If I'm feeling high-brow, Kona is the choice. Otherwise. Eight O'Clock French Roast is my daily joe. Whole bean/grind is the only way.


----------



## roark (Feb 19, 2011)

supposedly there's nothing like roasting your own. I'm lazy, so I buy from a local roaster - usually yirgacheffe or sumatra.


----------



## Geoff (Feb 19, 2011)

Dr Skimeister said:


> If I'm feeling high-brow, Kona is the choice. Otherwise. Eight O'Clock French Roast is my daily joe. Whole bean/grind is the only way.



I usually drink chinese green jasmine tea.   When I'm in a coffee mood, I do Eight O'Clock Colombian.   I always do whole bean/grind.


----------



## snoseek (Feb 19, 2011)

ZYDECORICH said:


> A chef friend of mine says to put a dash of cinnamon in to cut any bitterness... apparently restaurants do this often. What about your tastes?

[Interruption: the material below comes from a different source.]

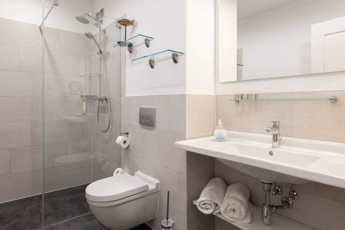 Im geräumigen Bad befinden sich eine großzügige, ebenerdige Regendusche, ein Handtuchtrockner, ein Waschtisch mit Föhn und Kosmetikspiegel.

Cinnamon won't do much for bitterness just add a nice (for some) flavor. A couple grains of salt will help with bitterness.

I like Carpe Diem out of Berwick, me. Also the big 2 1/2 # bags they sell at Sam's is great everyday coffee. Can't remember the name right now


----------



## snowmonster (Feb 19, 2011)

Anyone interested in kopi luwak? I can bring some over.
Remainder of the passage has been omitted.